Estimation of ATP usage from OCR data.

If, as in the β-cell, little lactate is produced (47), glucose-stimulated ATP production will be mostly generated by oxidative phosphorylation. Therefore, ATP production will be proportional to OCR (less the affect of mitochondrial uncoupling). Although, following glucose stimulation, there is a transient period when ATP production outpaces ATP usage, a steady state is soon reached where the two rates are equal. Under these conditions, the contribution of processes to ATP usage can be estimated by inhibiting that process and measuring the decrease in OCR (16,17). Thus, the calcium-mediated process and protein synthesis uses at least 30 and 24% of the total ATP generated in response to glucose, respectively. The actual contribution to ATP usage would be higher if there is significant mitochondrial uncoupling or if inhibiting ATP utilization by one process lead to an increase in ATP usage by another process (17). Since nimodipine increased protein synthesis, the latter may be occurring and 30% represents an underestimation.
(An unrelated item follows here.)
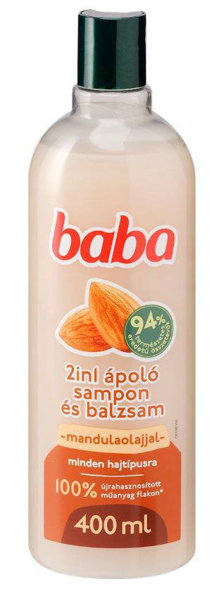 A Baba 2in1 sampon és balzsam mandulaolajjal nemcsak tisztít, hanem ápol és kondicionál is. 94%-ban természetes eredetű összetevőket tartalmaz, és gyengéd formulája természetes eredetű édesmandula-olajjal gazdagított.
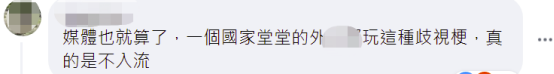 也有網友認為台外事部門玩這種歧視梗“真的是不入流”。↓

The mechanism of calcium influx–dependent ATP usage.

Having ruled out exocytosis of insulin granules, other plasma membrane–associated candidates mediating calcium’s effects on OCR could involve ion pumping (including plasma membrane calcium ATPase and Na-Ca exchanger in conjunction with the Na-K ATPase). However, in experiments not presented, ouabain, a blocker of Na-K ATPase, had no effect on OCR, lessening the likelihood that the Na-Ca exchanger is mediating significant changes in ATP usage. Another possible mechanism mediating calcium-dependent OCR is an effect of calcium on biosynthesis, most importantly protein synthesis. However, we found that nimodipine did not inhibit protein synthesis, which is consistent with studies where it has been observed that calcium has little effect on insulin biosynthesis rates (48). An intriguing possibility that phospholipase C activation could be involved will be considered in future studies, based on data showing that blocking calcium influx also blocks phospholipase C activation by glucose (49).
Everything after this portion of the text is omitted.